Jihad Khodr

Personal information
- Born: December 30, 1983 (age 42) Matinhos, Paraná, Brazil
- Years active: 2008–present
- Height: 5 ft 8 in (1.73 m)
- Weight: 160 lb (73 kg)

Surfing career
- Sport: Surfing
- Best year: Ranked 11th on the ASP World Tour, 2006
- Career earnings: $227,650.00 (as of 2009)
- Sponsors: Hot Buttered (HB) clothing and eyewear and Goofy footwear

Surfing specifications
- Stance: Regular (natural) foot
- Shaper: Havenga
- Quiver: 6'0"- 7'0" boards
- Favourite waves: Matinaos, Snapper
- Favourite maneuvers: Turns

= Jihad Khodr =

Brazilian surfer

Jihad Khodr (born December 30, 1983) is a Brazilian professional surfer.

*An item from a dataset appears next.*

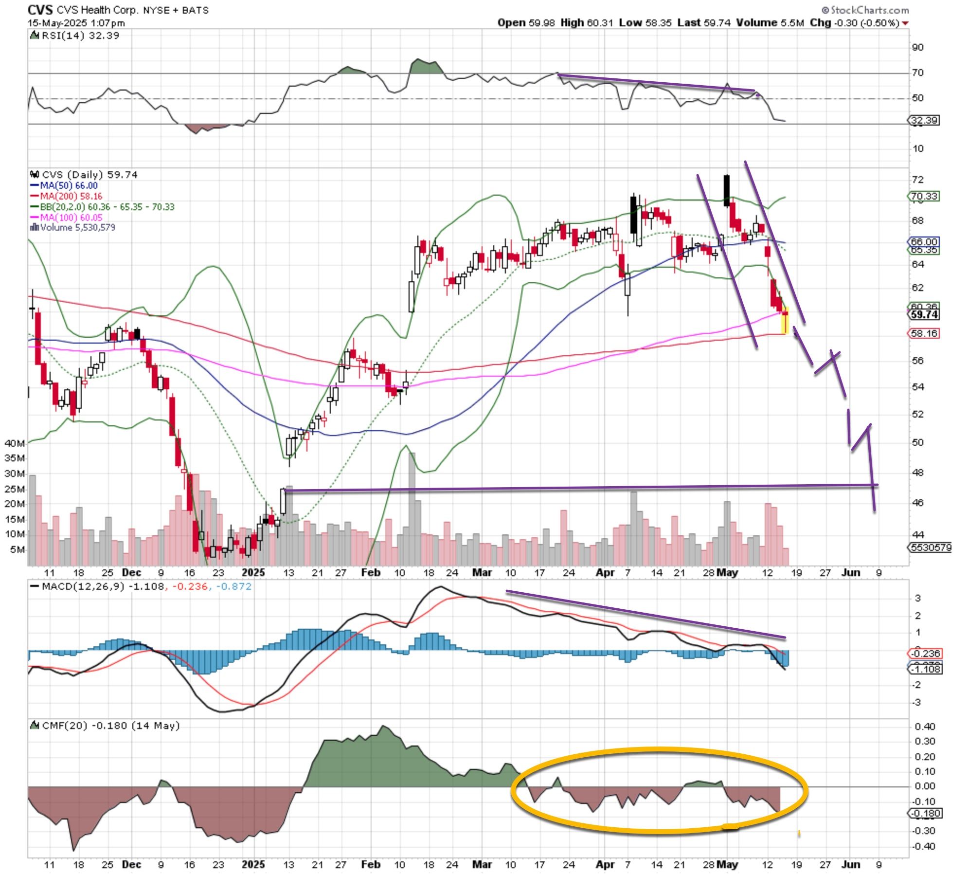 Money flow is poor, relative strength has rolled over and moving average support is being challenged. It means more down for CVS I'm afraid, so let's target those low 40s, put in a stop at $66 just in case.
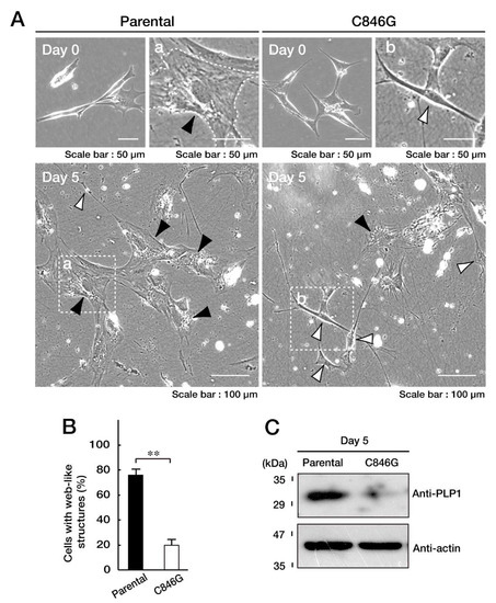 Although we tried to isolate the single cell-derived colonies following genome editing in the FBD-102b cells, we achieved neither colony isolation nor genome editing. Thus, we collected FBD-102b cells stably harboring the C846G mutant constructs and used them for experiments in cell differentiation (Figure S2). Cells were allowed to differentiate for 5 days. Before the induction of differentiation, FBD-102b cells exhibited spindle-like phenotypes with some processes. Following the induction of differentiation, FBD-102b cells exhibited phenotypes with large web-like structures along processes [26,27], and the transcription of myelin marker molecules such as myelin proteolipid protein 1 (PLP1) and myelin basic protein (MBP) (Figure S3), as seen in primary oligodendroglial cells [3,4,26,27]. C846G mutant clones failed to exhibit differentiated phenotypes, whereas parental cells did at a rate of approximately 70% (Figure 5A,B). Consistent with these results, stable clones exhibited decreased levels of markers such as PLP1 (Figure 5C). Together, it is thought that the C846G mutation of VPS11 leads to inhibition of FBD-102b cell differentiation.

He is a former ASP World Tour competitor.

Khodr began his elite tour campaign in 2008. The 2009 season is his 2nd season on tour. His highest ASP World Tour rating was 44th in 2008.

As of 2009 his total career earnings are $227,650.00.

== Personal life ==

Jihad Khodr is a Muslim of Lebanese descent.